Your objective
Nothing but an exact repeat of the data, with pictures removed, belongs in the answer.

Provided material
·····

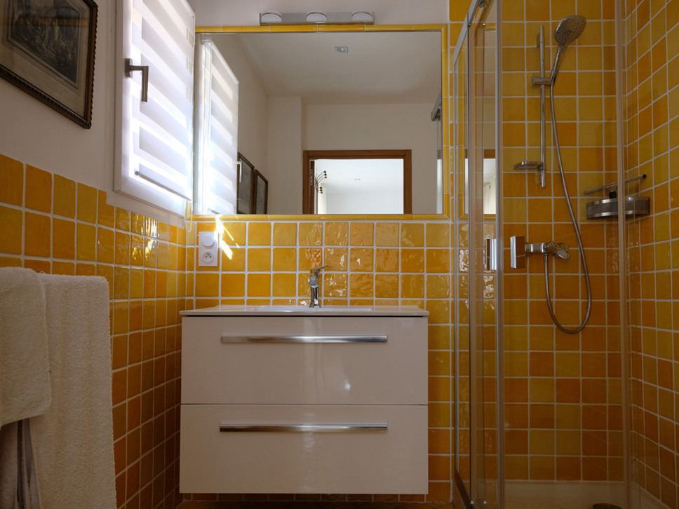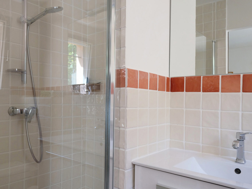 Slaapkamer 3 (eerste verdieping), ook hier staat een tweepersoonsbed (180x200). De en-suite badkamer biedt een douche, wastafel en toilet.
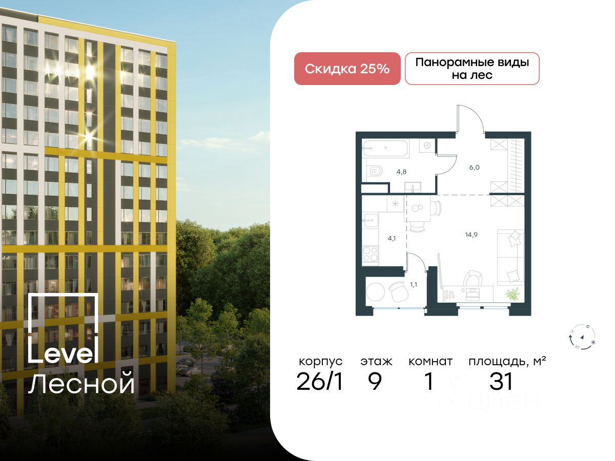 В районе, утопающем в густой зелени лесов, многочисленных парков и скверов, продаётся студия площадью 31.00 кв.м с отделкой white box. Квартира расположена на 9 этаже в жилом комплексе комфорт-класса Level Лесной (компания Level Group/Левел групп).
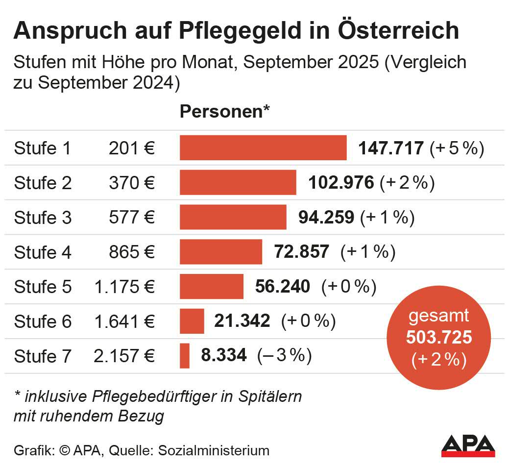 Already in May - when the 500,000 mark was first exceeded - the Ministry of Social Affairs, led by Minister Korinna Schumann (SPÖ), stated that demographic change and increasing life expectancy would also be reflected in the rising number of eligible individuals and in the development of care allowance applications. She positively highlighted at the time that the annual valorization of the monetary benefit by the adjustment factor could be secured despite budgetary pressures.
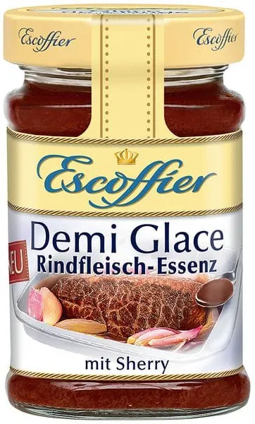 Die Demi Glace Braten-Essenz mit Rotwein (ein 90-ml-Glas ergibt 2,8 l Fond) ist ein Bratenfond, der ideal ist für Pfannengerichte wie Geschnetzeltes, in der Pfanne gezogene Saucen, zum Würzen von Pilzgerichten und für herzhafte Gerichte. Die Demi Glace Geflügelfleisch-Essenz mit Sherry (ein 90-ml-Glas ergibt 2,8 l Fond) ist ein Geflügelfond, der mit Sherry verfeinert wird, ideal für Geflügel-Geschnetzeltes, helle Saucen und zum Würzen von Eintopfgerichten. Die Demi Glace Rindfleisch-Essenz mit Sherry (ein 85-ml-Glas ergibt 2,7 l Fond) ist ein Rindfleischfond für die Zubereitung kräftiger, brauner Saucen sowie zum Verfeinern von Ragouts und Gulasch. Alle Varianten enthalten weder Geschmacksverstärker noch Konservierungsstoffe oder Verdickungsmittel, dafür ausschließlich rein natürliche Zutaten. www.escoffier.edu

·····

Solution below
 Slaapkamer 3 (eerste verdieping), ook hier staat een tweepersoonsbed (180x200). De en-suite badkamer biedt een douche, wastafel en toilet.
 В районе, утопающем в густой зелени лесов, многочисленных парков и скверов, продаётся студия площадью 31.00 кв.м с отделкой white box. Квартира расположена на 9 этаже в жилом комплексе комфорт-класса Level Лесной (компания Level Group/Левел групп).
 Already in May - when the 500,000 mark was first exceeded - the Ministry of Social Affairs, led by Minister Korinna Schumann (SPÖ), stated that demographic change and increasing life expectancy would also be reflected in the rising number of eligible individuals and in the development of care allowance applications. She positively highlighted at the time that the annual valorization of the monetary benefit by the adjustment factor could be secured despite budgetary pressures.
 Die Demi Glace Braten-Essenz mit Rotwein (ein 90-ml-Glas ergibt 2,8 l Fond) ist ein Bratenfond, der ideal ist für Pfannengerichte wie Geschnetzeltes, in der Pfanne gezogene Saucen, zum Würzen von Pilzgerichten und für herzhafte Gerichte. Die Demi Glace Geflügelfleisch-Essenz mit Sherry (ein 90-ml-Glas ergibt 2,8 l Fond) ist ein Geflügelfond, der mit Sherry verfeinert wird, ideal für Geflügel-Geschnetzeltes, helle Saucen und zum Würzen von Eintopfgerichten. Die Demi Glace Rindfleisch-Essenz mit Sherry (ein 85-ml-Glas ergibt 2,7 l Fond) ist ein Rindfleischfond für die Zubereitung kräftiger, brauner Saucen sowie zum Verfeinern von Ragouts und Gulasch. Alle Varianten enthalten weder Geschmacksverstärker noch Konservierungsstoffe oder Verdickungsmittel, dafür ausschließlich rein natürliche Zutaten. www.escoffier.edu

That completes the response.